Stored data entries
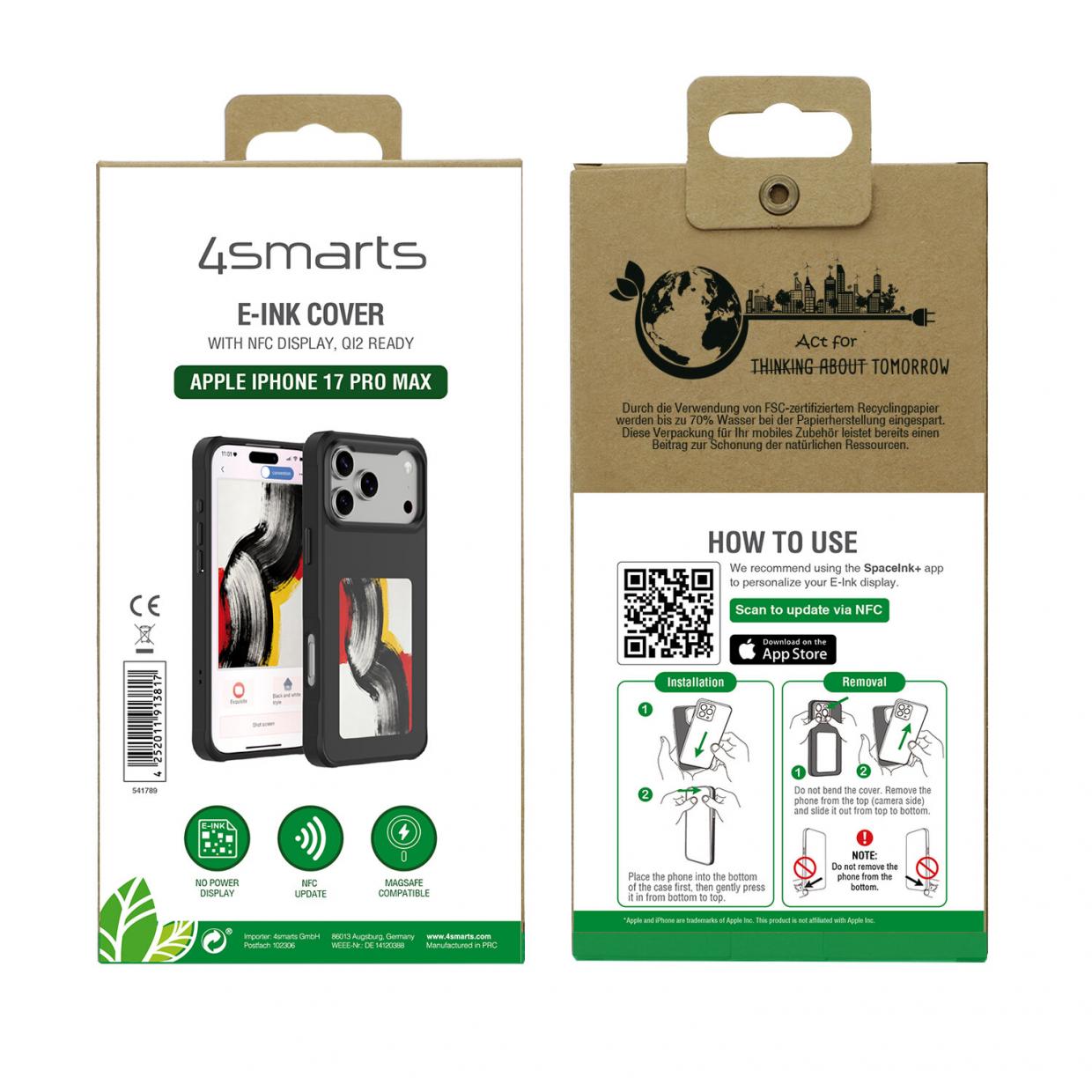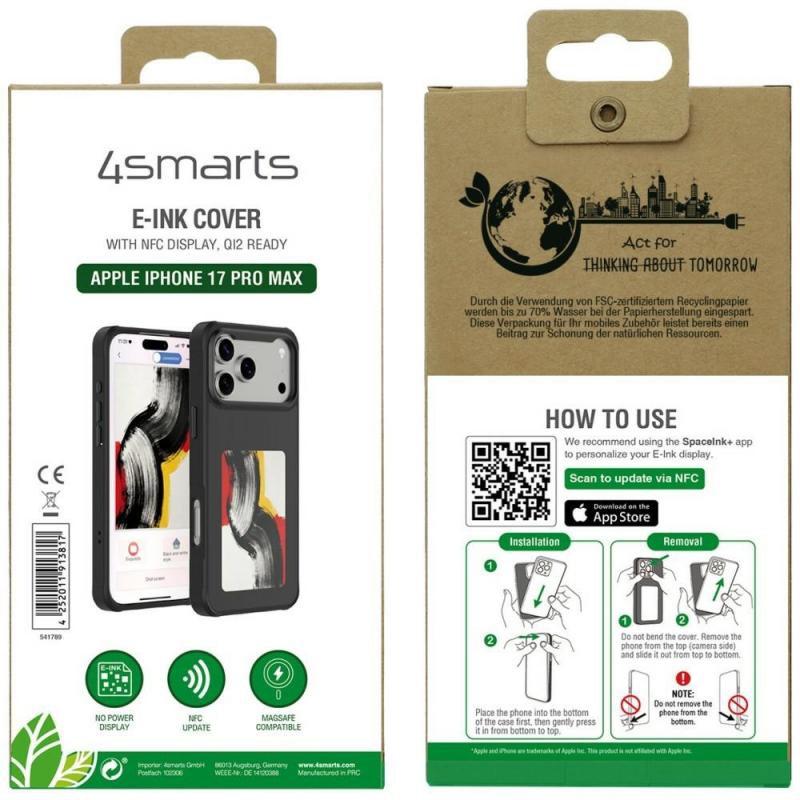 Carcasa 4smarts E-Ink cu MagSafe compatibila cu iPhone 17 Pro Max, Negru
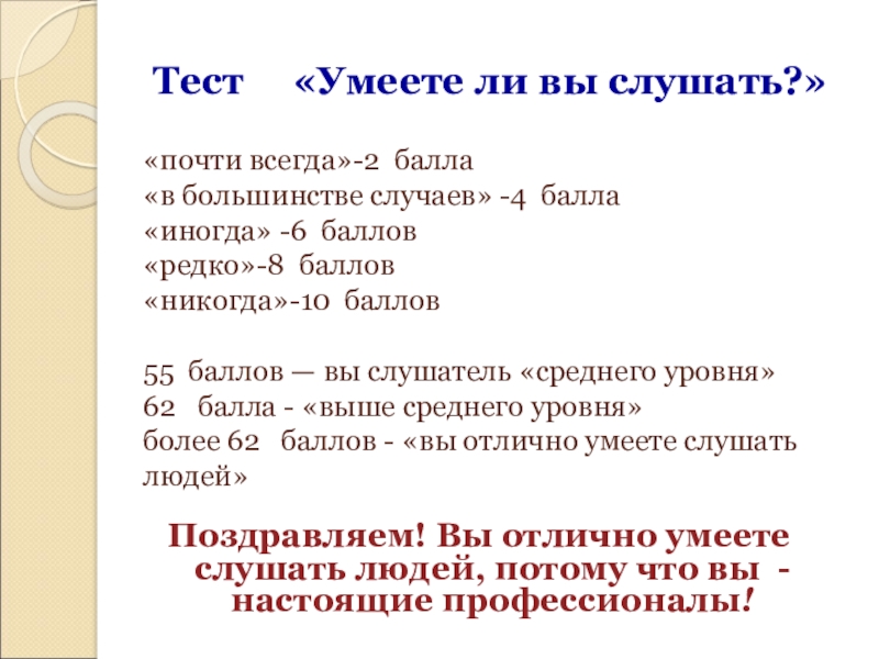Поздравляем! Вы отлично умеете слушать людей, потому что вы - настоящие профессионалы!
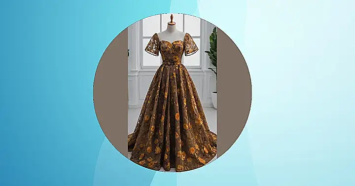 Check out this epic long frock! This thing has so much fabric, you could probably hide your entire friend group under that skirt during hide-and-seek. The brown colour with the fancy yellow flowers looks like it belongs in a historical romance movie or maybe a really fancy picnic where ants would be terrified of ruining your look. Those flutter sleeves are practically asking for a dramatic slow-motion turn, just try not to get tangled up or knock over any furniture while you’re swirling around like a floral tornado.
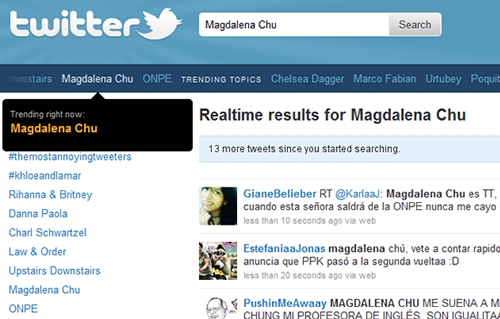 A los pocos segundos de que Magdalena Chu, en representación de la ONPE, diera a conocer los resultados de las elecciones al 18% su nombre se convirtió en Trending Topic Mundial gracias a los comentarios de los tuiteros peruanos que mostraron su malestar por mostrar los resultados a un bajo porcentaje.
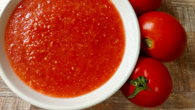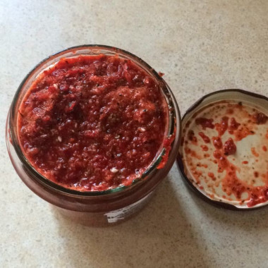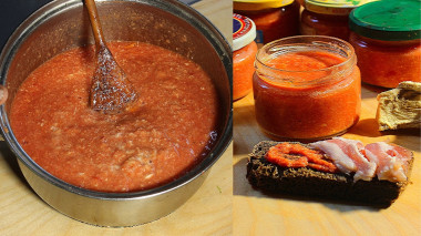 Помидоры, перебитые в блендере и очищенные от кожицы и семян, сохраняют свою свежесть и сочность, а хрен и чеснок добавляют остроту и пикантность. Эта закуска идеально подходит для намазывания на хлеб, создавая насыщенный и яркий вкус. Она также прекрасно сочетается с горячими блюдами, такими как щи, борщ, пельмени и холодец, добавляя им остроты и свежести.
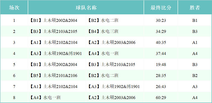 半决赛将在5月10日18:00于西操东侧球场进行最终谁将争夺本届联赛的冠军呢?让我们拭目以待!(如因天气原因变更,时间地点另行通知)比赛分组:水电一班 VS 水电二班(A4:B2)土木硕2002&2004 VS 土木硕1902&博1901(B1:A3)。第二届“毕业杯”篮球联赛半决赛邀你共赏又一场视觉盛宴!
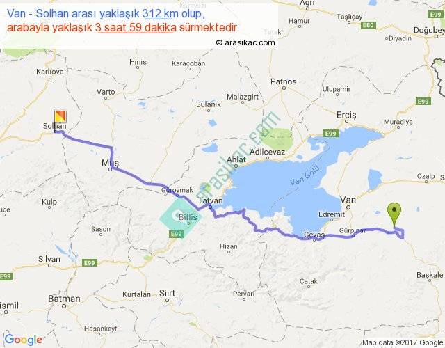 Van - Solhan arası yaklaşık olarak 90 km/h ile yukarıda belirtilen sürede olup, iki yerin kuş uçuşu uzaklığı (mesafesi) 240'dir. Yolculuk otobüsle 5 saat 10 dakika sürmektedir.
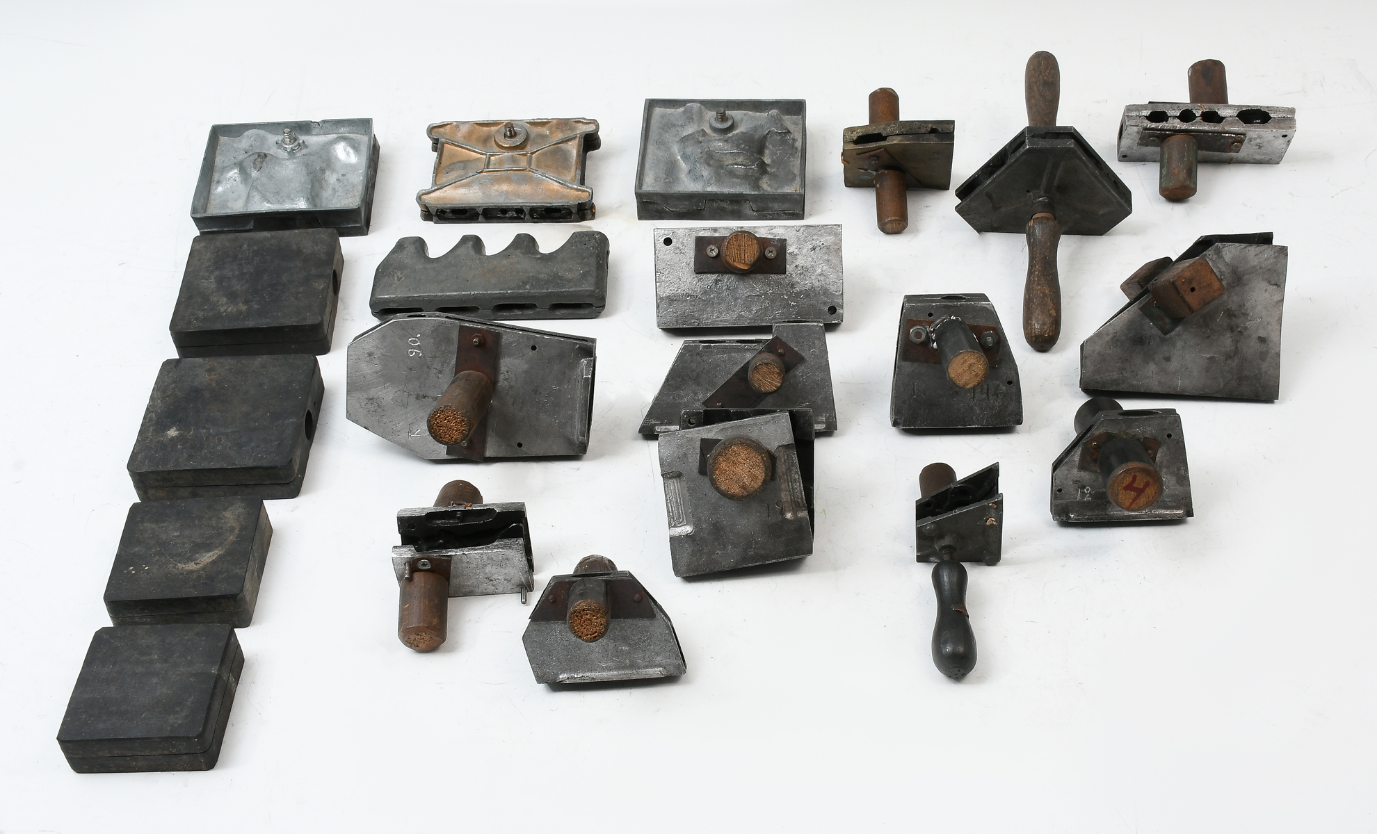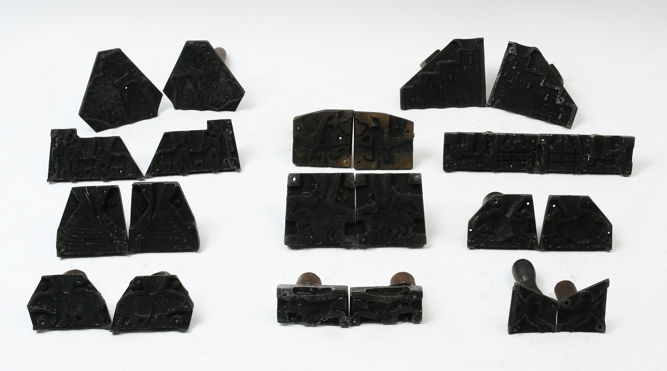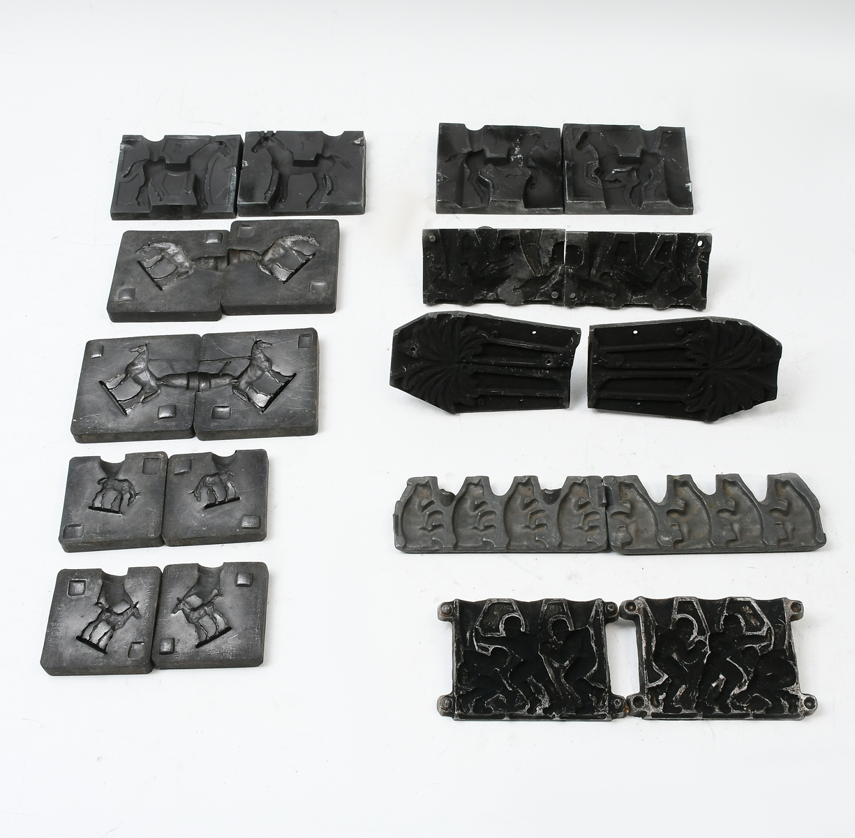 21 PC. CAST METAL TOY FIGURAL MOLD COLLECTION: A collection of 21 rubber & metal figural molds. Including: Horses, Palm tree, Football players, Buildings, bears, Fencing, Tee pee, Birds, Buffalo, & more. Largest approx. 3.5'' h x 4.25'' l.
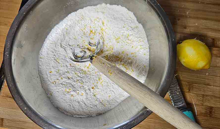 Mix the dry ingredients all together with the lemon zest.
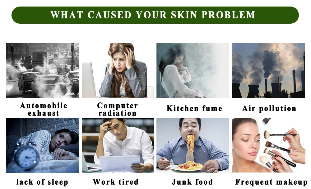 Что вызывает у вас проблемы с кожей Выхлопная труба автомобиля/компьютерное излучение Кухонный дым/загрязнение воздуха Отсутствие сна/работа уставшая Фаст-фуд/частый макияж
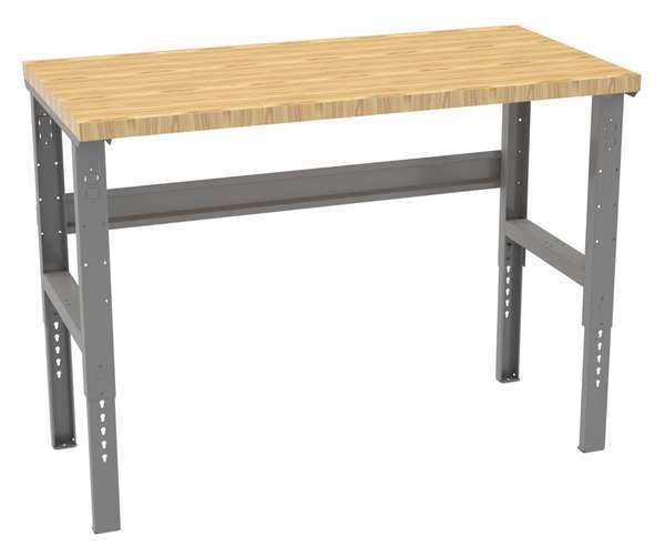 Description Workbench, Height Adjustability Adjustable Height, Top Material Butcher Block, Assembly Unassembled, Color Gray, Frame Material Steel, Leg Type Straight Leg, Maximum Adjustable Height 41 3/8 in, Minimum Adjustable Height 35 3/8 in, Non-Metal Top Thickness 1 3/4 in, Number of Cabinets 0, Number of Drawers 0, Number of Knockouts 4, Included Components Stringer, Number of Outlets 0, Number of Shelves 0, Overall Depth 30 in, Overall Fixed Height Not Applicable, Overall Load Capacity 3,000 lb
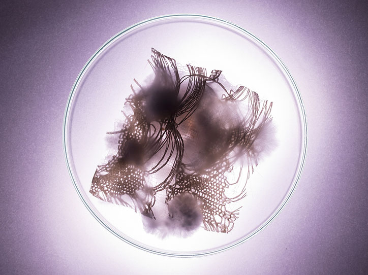 Les recherches que mènent actuellement Aléa explorent un processus unique de myco-fabrication bio-inclusive qui utilise, pour cultiver des créations dans un sol sauvage, le mycélium, le système racinaire des champignons, et des substrats de déchets locaux. L’obtention du prix de la résidence Boisbuchet 2021, leur a permis d’installer leur laboratoire dans la nature afin de tester leurs procédés à taille réelle. Là, elles ont pu planter, cultiver et récolter la première chaise souterraine issue de la myco-fabrication. Ce procédé permet de contourner la stérilisation à forte intensité énergétique et les moules en plastique, et d’examiner le potentiel des capacités régénératrices des mycéliums afin d’assainir les sols in situ et contribuer à nourrir la biodiversité. Leurs recherches actuelles sont soutenues par FAIRE Paris et le Pavillon de l’Arsenal.
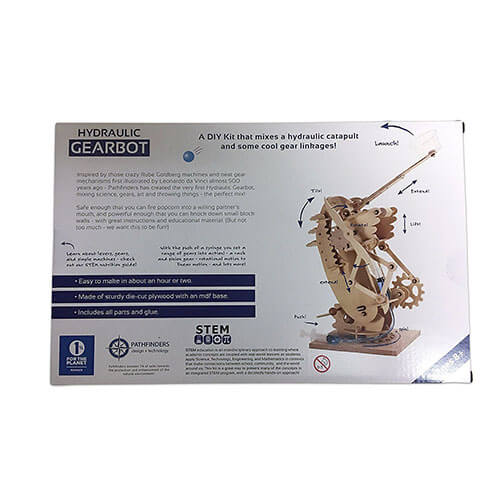 Hydraulische Gearbots zijn niet zo gebruikelijk, maar het leuke van deze is dat het relatief eenvoudig is om te maken en je vrienden zal verbazen. Geïnspireerd door die gekke Rube Goldberg -machines en nette versnellingsmechanismen voor het eerst geïllustreerd door Leonardo da Vinci Bijna 500 jaar geleden, heeft Pathfinders de allereerste hydraulische versnellingsbot gecreëerd. Wetenschap, versnellingen, kunst en gooien van dingen combineren - de perfecte mix! Gemonteerd maat 33 x 66 cm, 13 x 18 inch
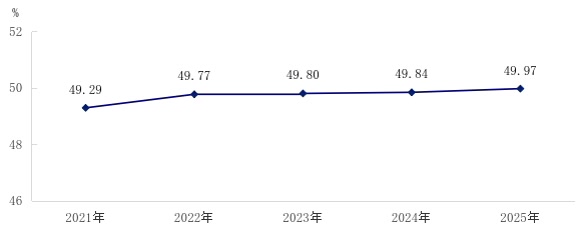 图10 2021—2025年城市绿化覆盖率

→ Requirement
What are the lines in the records above, word for word, from the one containing "21 PC. CAST" through the one containing "Что вызывает у", both ends included and pictures left out?

→ Answer below
 21 PC. CAST METAL TOY FIGURAL MOLD COLLECTION: A collection of 21 rubber & metal figural molds. Including: Horses, Palm tree, Football players, Buildings, bears, Fencing, Tee pee, Birds, Buffalo, & more. Largest approx. 3.5'' h x 4.25'' l.
 Mix the dry ingredients all together with the lemon zest.
 Что вызывает у вас проблемы с кожей Выхлопная труба автомобиля/компьютерное излучение Кухонный дым/загрязнение воздуха Отсутствие сна/работа уставшая Фаст-фуд/частый макияж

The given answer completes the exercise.